## Your objective
Retype the records below exactly as they appear, but leave out any pictures.
Top of Records
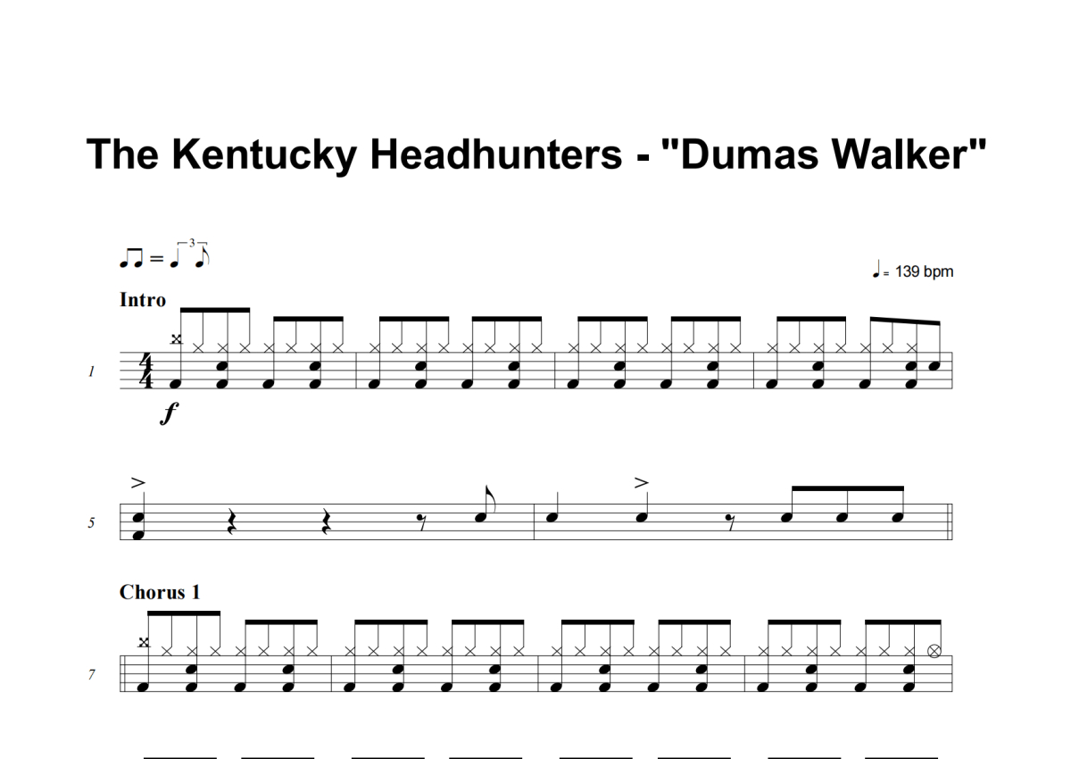 The Kentucky Headhunters《Dumas Walker》架子鼓谱
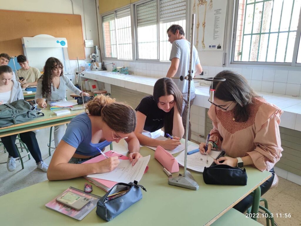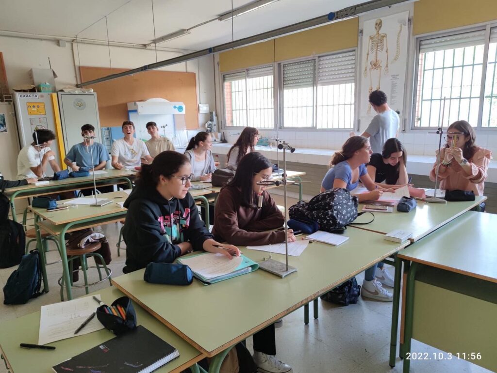 Els alumnes de reptes científics de FQ de 1r de batxillerat han realitzat la primera pràctica de l’assignatura, sobre la determinació experimental del període d’oscilació d’una massa penjada en una molla. Han pres unes mesures força bones i els resultats s’han aproximat bé als valors teòrics. Han fet una molt bona feina experimental!
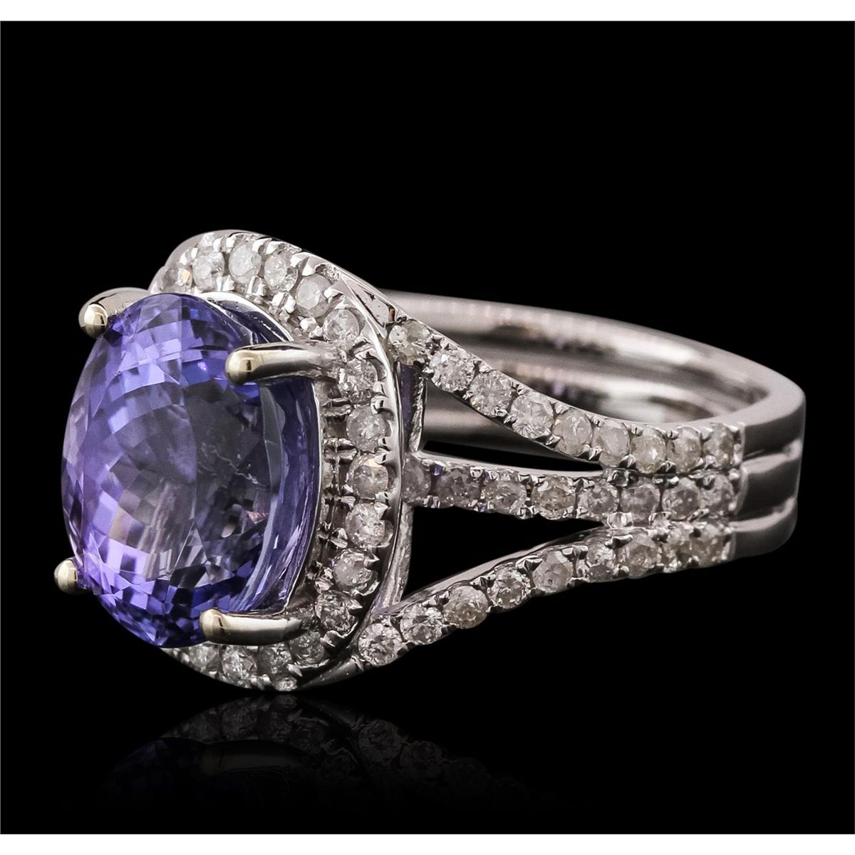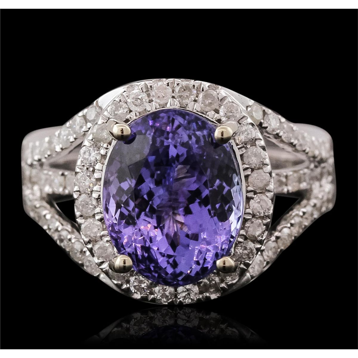 One electronically tested 14KT white gold ladies cast tanzanite and diamond ring with a bright polish finish. The featured tanzanite is set within a diamond bezel supported by diamond set three-way split shoulders, competed by a grooved five millimeter wide band. Trademark is Orianne. Identified with markings of "14K". Condition is new, good workmanship. Containing: One prong set oval brilliant cut natural tanzanite, measuring 11.50 x 9.00 x 6.70mm, 6% bulge factor, approximate weight of 5.00ct., clarity is eye clean, type I, medium dark, very slightly grayish, bluish violet color, (GIA bV 6/3), cut is good. Transmitting light with no distortion, transparent. Colored Stone Grading Report attached. Graded in the setting. Tanzanite is a very rare gemstone that is only found in the country of Tanzania. Originally discovered in 1967. Tiffany & Company, named the stone Tanzanite. It is found in the Usumburu Mountains that border the Umba Valley of northern Tanzania. Tanzanite occurs in gray, brown, violet, blue, reddish-purple, & green. The gem is interesting because of its exceptional pleochroism. Rotated in different directions a tanzanite will exhibit multiple changes of color. Tanzanite has a low tolerance to ultrasonic cleaning, and should not be cleaned using this method. Seventy-Four prong set round brilliant cut diamonds, measuring 1.50 - 1.40 x 0.87mm (depth est.) approximate total weight of 74 Stones = 0.92ct. Graded in the setting. Clarity: I-2 to I-3. Color: H - J. Total Weight of Colored Stones 5.00ct. Total Weight of Diamonds 0.92ct. Total Weight of Ring 7.00 grams. AIG Appraised at $15,385.00.
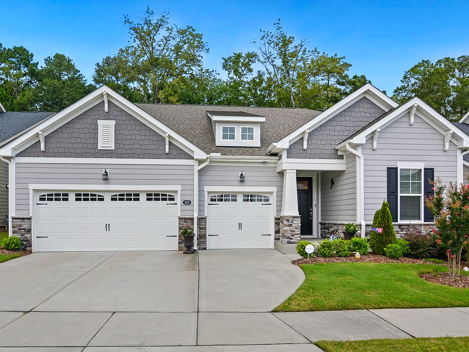 Immaculate & move in ready ranch style home with 2nd floor bonus room & bedroom with full bath. Luxury vinyl plank flooring throughout most of 1st floor. Office/flex space with french doors. Spacious family room features gas log fireplace & built-in cabinets. Chef's kitchen offers granite tops, center island, stainless steel appliances (gas cooktop), heringbone tile backsplash & walk in pantry. Large primary suite has trey ceiling, oversized tile shower with bench, granite tops dual vanities & walk in closet with built in shelving. Laundry area with pass thru closet to primary suite. Expansive bonus room. Oversized 3 car garage. Screen porch + patio. Fenced backyard with great wooded views. Resort Style 55+ community with Olympic Pool, Tennis, Pickleball, clubhouse +++ Must See!
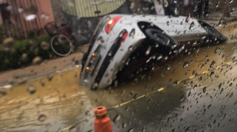 Carro afunda em um buraco na Av Sete de Setembro
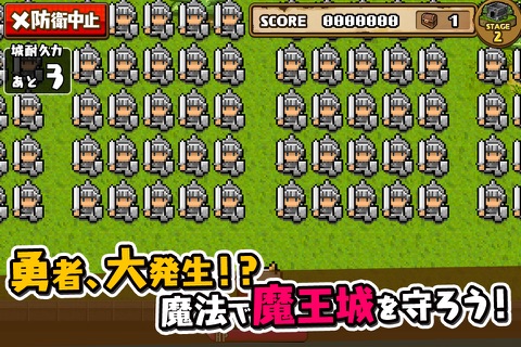 画面の左右をタップして勇者の攻撃をかわしつつ、魔法で城を防衛しよう!
Bottom of Records
## Answer section
 The Kentucky Headhunters《Dumas Walker》架子鼓谱
 Els alumnes de reptes científics de FQ de 1r de batxillerat han realitzat la primera pràctica de l’assignatura, sobre la determinació experimental del període d’oscilació d’una massa penjada en una molla. Han pres unes mesures força bones i els resultats s’han aproximat bé als valors teòrics. Han fet una molt bona feina experimental!
 One electronically tested 14KT white gold ladies cast tanzanite and diamond ring with a bright polish finish. The featured tanzanite is set within a diamond bezel supported by diamond set three-way split shoulders, competed by a grooved five millimeter wide band. Trademark is Orianne. Identified with markings of "14K". Condition is new, good workmanship. Containing: One prong set oval brilliant cut natural tanzanite, measuring 11.50 x 9.00 x 6.70mm, 6% bulge factor, approximate weight of 5.00ct., clarity is eye clean, type I, medium dark, very slightly grayish, bluish violet color, (GIA bV 6/3), cut is good. Transmitting light with no distortion, transparent. Colored Stone Grading Report attached. Graded in the setting. Tanzanite is a very rare gemstone that is only found in the country of Tanzania. Originally discovered in 1967. Tiffany & Company, named the stone Tanzanite. It is found in the Usumburu Mountains that border the Umba Valley of northern Tanzania. Tanzanite occurs in gray, brown, violet, blue, reddish-purple, & green. The gem is interesting because of its exceptional pleochroism. Rotated in different directions a tanzanite will exhibit multiple changes of color. Tanzanite has a low tolerance to ultrasonic cleaning, and should not be cleaned using this method. Seventy-Four prong set round brilliant cut diamonds, measuring 1.50 - 1.40 x 0.87mm (depth est.) approximate total weight of 74 Stones = 0.92ct. Graded in the setting. Clarity: I-2 to I-3. Color: H - J. Total Weight of Colored Stones 5.00ct. Total Weight of Diamonds 0.92ct. Total Weight of Ring 7.00 grams. AIG Appraised at $15,385.00.
 Immaculate & move in ready ranch style home with 2nd floor bonus room & bedroom with full bath. Luxury vinyl plank flooring throughout most of 1st floor. Office/flex space with french doors. Spacious family room features gas log fireplace & built-in cabinets. Chef's kitchen offers granite tops, center island, stainless steel appliances (gas cooktop), heringbone tile backsplash & walk in pantry. Large primary suite has trey ceiling, oversized tile shower with bench, granite tops dual vanities & walk in closet with built in shelving. Laundry area with pass thru closet to primary suite. Expansive bonus room. Oversized 3 car garage. Screen porch + patio. Fenced backyard with great wooded views. Resort Style 55+ community with Olympic Pool, Tennis, Pickleball, clubhouse +++ Must See!
 Carro afunda em um buraco na Av Sete de Setembro
 画面の左右をタップして勇者の攻撃をかわしつつ、魔法で城を防衛しよう!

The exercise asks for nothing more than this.